Перед смертью дедушка стоически относился ко всем своим несчастьям. Он даже не чувствовал себя несчастным. Он педантично вел свое хозяйство в своей комнатушке, сам вытирал пыль, ежедневно менял белье — чтобы умереть «во всем параде», всегда интересовался, кто из его современников уже умер, и сердился, если от него скрывали правду. Если погода была пасмурная, он говорил: «Вы совершенно, того, не жалейте денег, возьмите карету на кладбище, а то простудитесь». Ухаживала за ним мама, но он мало болел, очень мало ел и скончался очень спокойно и мудро. Главное, у него не было никакого протеста и ненависти против нового режима: он принимал в свое время Александра Второго, потом Александра Третьего, потом Николая Второго и потом Ленина. В святых книгах сказано, что нельзя восставать против властей.

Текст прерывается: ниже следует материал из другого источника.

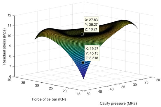 Based on Figure 9, it becomes evident that the residual stress values do not exhibit a monotonic increase or decrease across the range of tie bar force and cavity pressure variables. In fact, they display distinct trends for different combinations of tie bar force and cavity pressure. As observed in the data plot, residual stresses tend to be lower in the central region and higher on both ends within the spectrum of tie bar force and cavity pressure. This implies that the residual stress values are elevated when the tie bar force and cavity pressure are either small or large, whereas within the intermediate range, the residual stress values are comparatively lower. This pattern may be attributed to the fixed mold force and mold cavity pressure, providing further evidence of the significant influence of tie bar force and cavity pressure on residual stress during the injection molding process.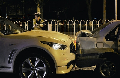 交警在现场勘察事故,白色英菲尼迪为高晓松座驾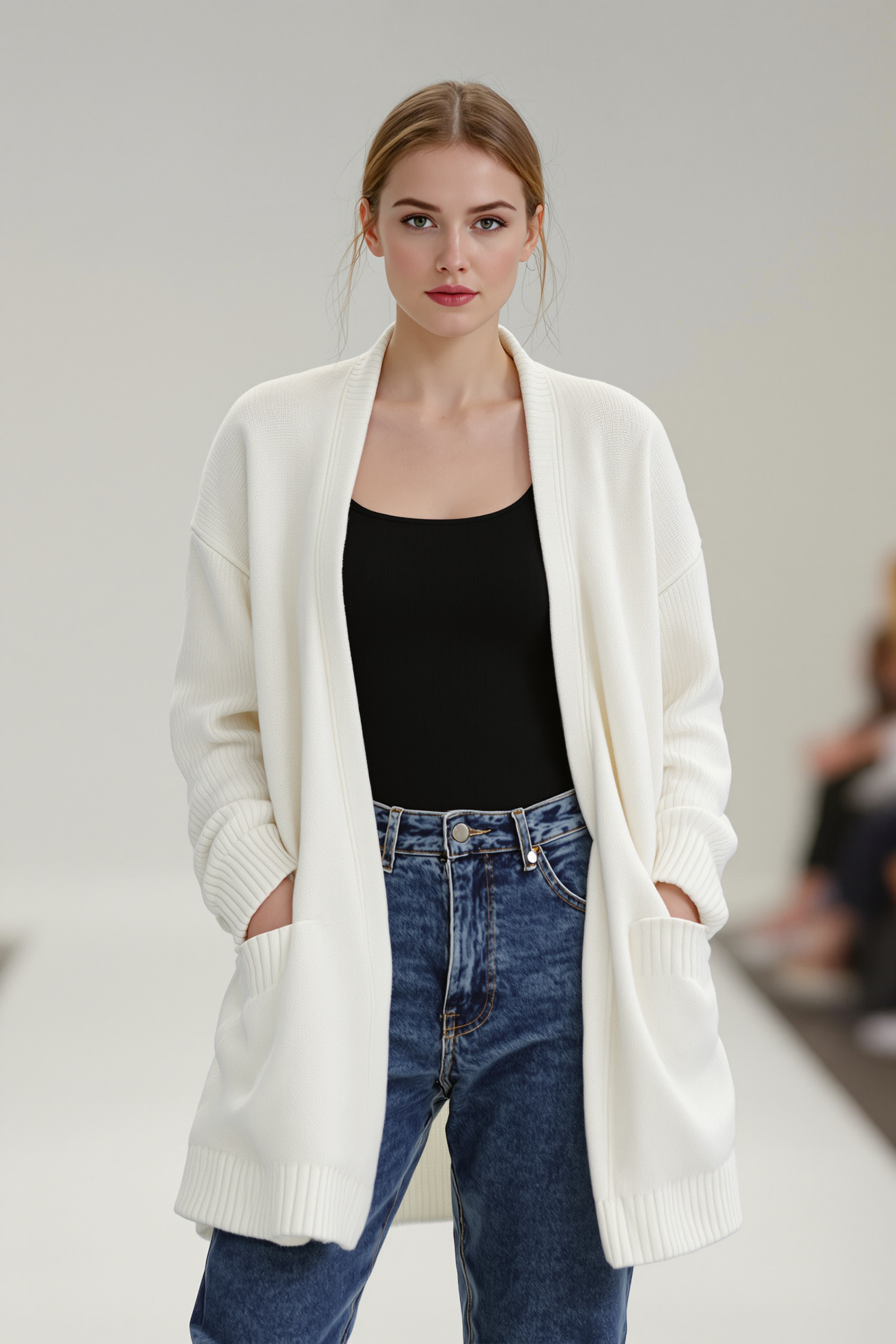 Женщина позирует на подиуме в молочном длинном кардигане, под ним – простая черная майка, прямые синие джинсы с высокой посадкой. Фон светлый и лаконичный, свет мягкий, взгляд направлен прямо в камеру, композиция средний план.

Сам он меньше всех своих детей вырос в роскоши и, хотя был мильонером, в нем не чувствовалось буржуа [капиталиста]. Он был всегда пионер, инициатор всех новшеств, трудился с раннего утра до вечера, без отдыха, без курортов, без поездок и прогулок. Воскресенье летом на даче — единственный день, когда он хлопотливо с дворником Демидом привозил нам продукты и на следующий день на рассвете снова уезжал. В субботу зимой он ходил в синагогу, а в субботу вечером снова принимался за работу. Мы все удивлялись его стоицизму, и я в душе радовалась не раз, что бабушка не дожила до такой старости. [Она бы не нашла в себе такой стойкости.]

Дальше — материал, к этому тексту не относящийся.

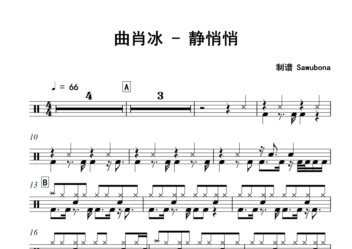 曲肖冰《静悄悄》架子鼓谱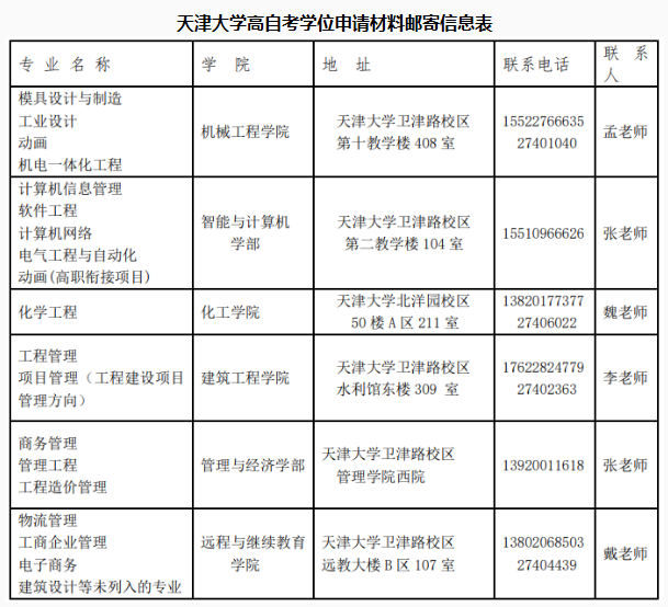 具體收件地址、聯系人、電話等信息詳見下表,請考生按照申請學位專業選取地址進行郵寄。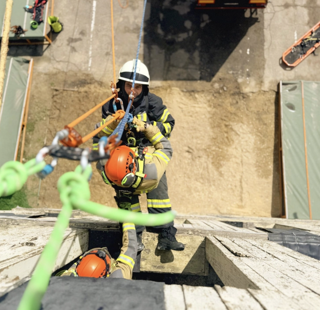 Заняття проводять на базі спеціальної навчальної башти, де рятувальники відпрацьовують різні складні сценарії — від безпечного пересування на висоті до швидкісної евакуації постраждалих із небезпечних зон.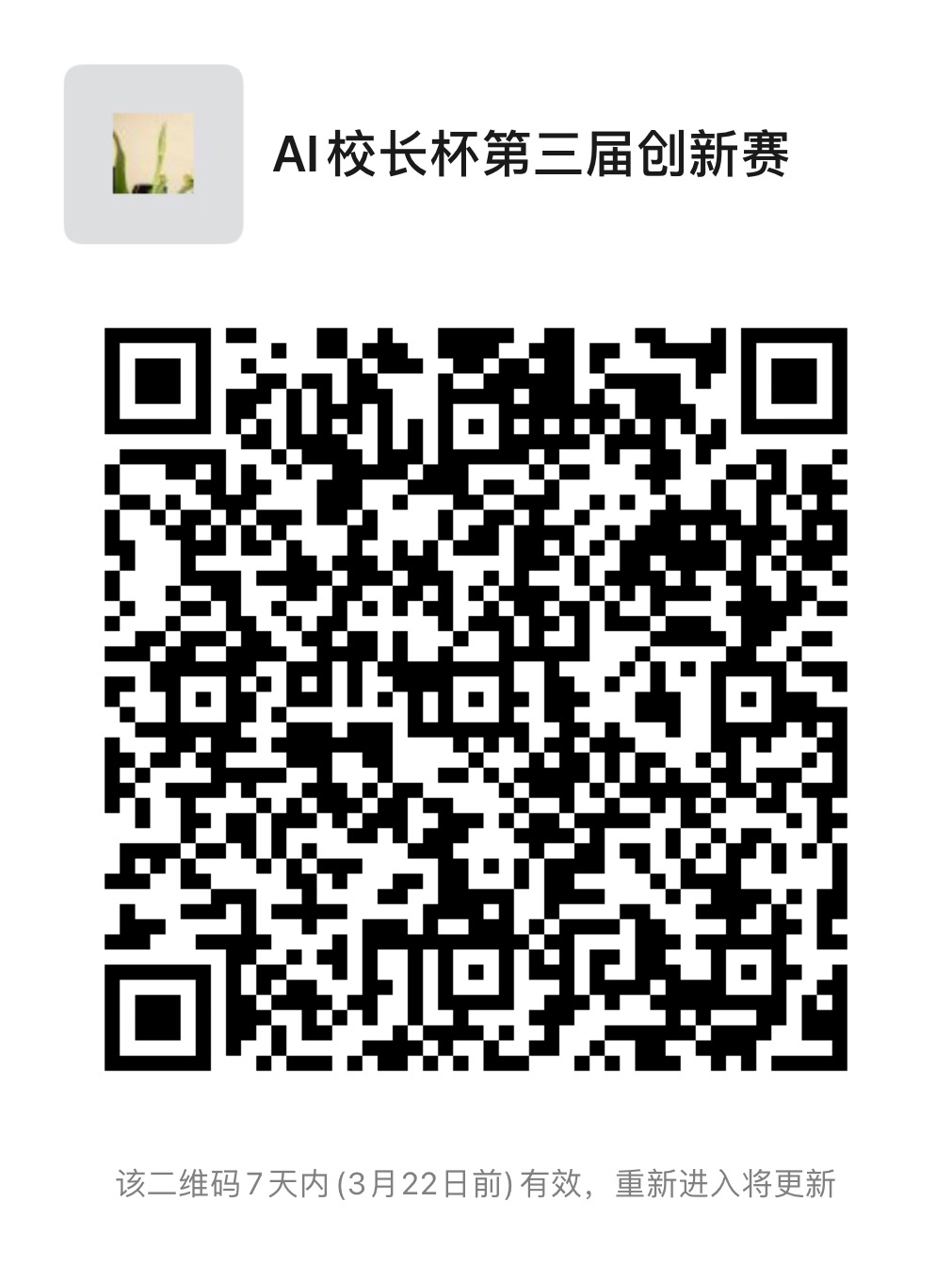 2.请已提交报名材料及拟报名参加本届“校长杯”创新赛的同学扫描下方二维码,加入“AI校长杯第三届创新赛”微信群,后续学院相关通知将在群内发布。

Он сохранил ровно столько денег, сколько нужно было на саван из голландского полотна. В нем его и похоронили. На Драгомиловском кладбище, рядом с бабушкой. Кое-какие реликвии мама привезла с собой: его кожаный кошелек, портфель, тфилин и талес (филактерии и талес), семейные молитвенники и очень мало своих драгоценностей, остатки того, что было раньше и пошло на рынок, за продукты. Разрешение на 200 рублей драгоценностей она использовала и привезла с собой немного моего белья и серебра. О том, куда девалось все мое добро — книги, картины, шубы и все белье, — я ее не спрашивала, так как поняла, что все было продано за эти шесть лет или перед ее отъездом. Лес рубят, щепки летят!
Московское и виленское мое хозяйство, все, что мне отец и дедушка дали в приданое, все пошло прахом. Здесь все нужно было начинать с начала, и мы пока еще спали на досках и вместо шкафов употребляли сколоченные ящики из-под апельсин.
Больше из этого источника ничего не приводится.